#### WORK INSTRUCTIONS
Return the data verbatim, without pictures.

#### SOURCE RECORDS
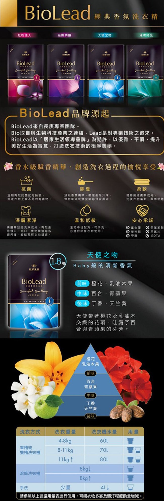 品名:BioLead經典香氛洗衣精補充包 天使之吻1.8kg
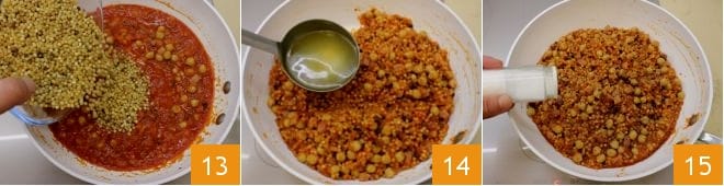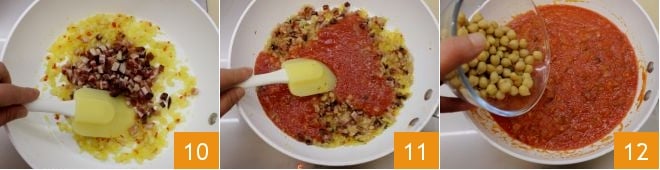 e continue cozinhando por mais 3-4 minutos 10. Neste ponto, adicione o molho de tomate 11, mexendo até começar a ferver levemente. Junte ao molho o grão-de-bico cozido e bem escorrido e continue cozinhando por mais 5 minutos 12.
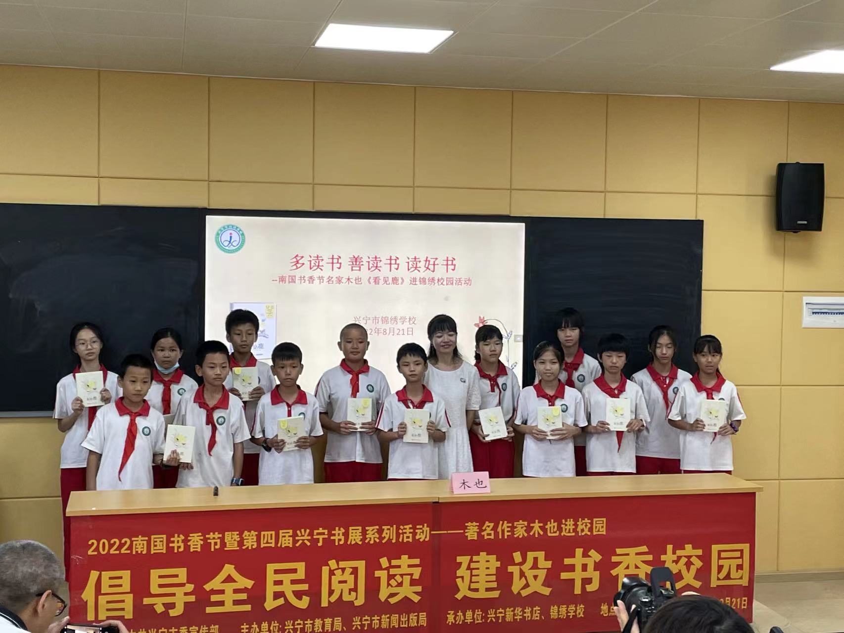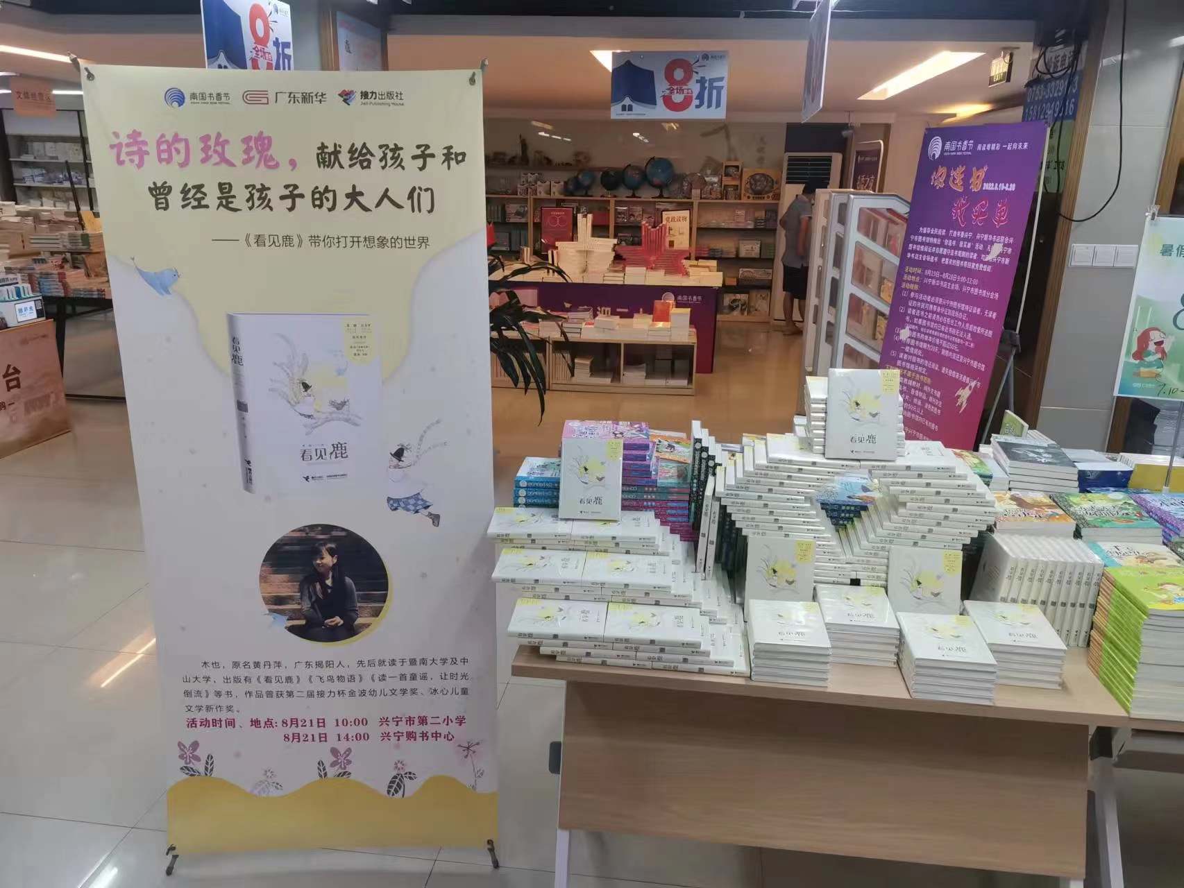 2022南国书香节期间,广东青年作家木也携温情童话《看见鹿》亮相惠州、兴宁、潮州、揭阳等城市校园、图书馆和特色书店。
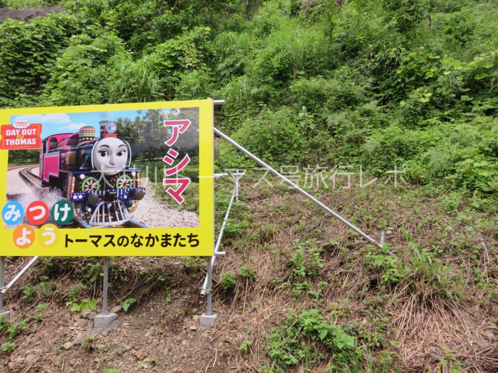 プレゼントでもらったミニガイドに、駅付近でトーマスの仲間たちの看板があらわれる箇所があります。
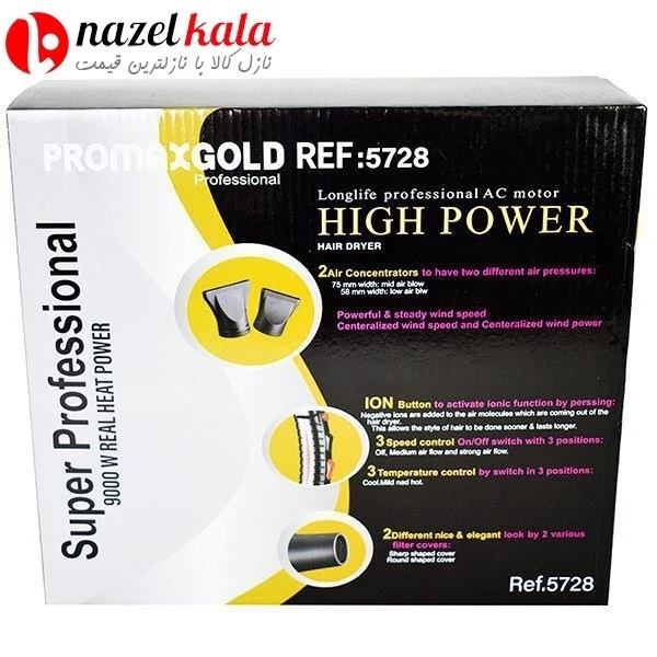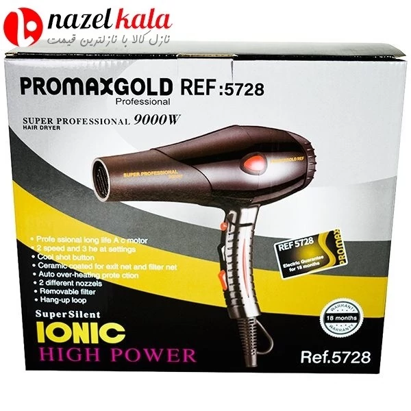 سشوار حرفه ای پرومکس گلدمدل 5728 . ویژگی های محصول سرعت : دو حالته دما : سه حالته فیلتر قابل جدا شدن : دارد سیم گردان با چرخش 360 درجه : دارد طول سیم : 2متر تقویت کنندهی توربو : دارد جنس المنت : سرامیک نوع مصرف : خانگی سری متمرکز کننده باد : دارد
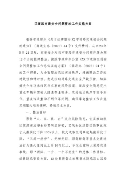 / 【七哥公文】2024年:区道路交通安全问题整治工作实施方案+更多免费公文+VX:QiGeGongWen2024

#### RESPONSE AREA
 品名:BioLead經典香氛洗衣精補充包 天使之吻1.8kg
 e continue cozinhando por mais 3-4 minutos 10. Neste ponto, adicione o molho de tomate 11, mexendo até começar a ferver levemente. Junte ao molho o grão-de-bico cozido e bem escorrido e continue cozinhando por mais 5 minutos 12.
 2022南国书香节期间,广东青年作家木也携温情童话《看见鹿》亮相惠州、兴宁、潮州、揭阳等城市校园、图书馆和特色书店。
 プレゼントでもらったミニガイドに、駅付近でトーマスの仲間たちの看板があらわれる箇所があります。
 سشوار حرفه ای پرومکس گلدمدل 5728 . ویژگی های محصول سرعت : دو حالته دما : سه حالته فیلتر قابل جدا شدن : دارد سیم گردان با چرخش 360 درجه : دارد طول سیم : 2متر تقویت کنندهی توربو : دارد جنس المنت : سرامیک نوع مصرف : خانگی سری متمرکز کننده باد : دارد
 / 【七哥公文】2024年:区道路交通安全问题整治工作实施方案+更多免费公文+VX:QiGeGongWen2024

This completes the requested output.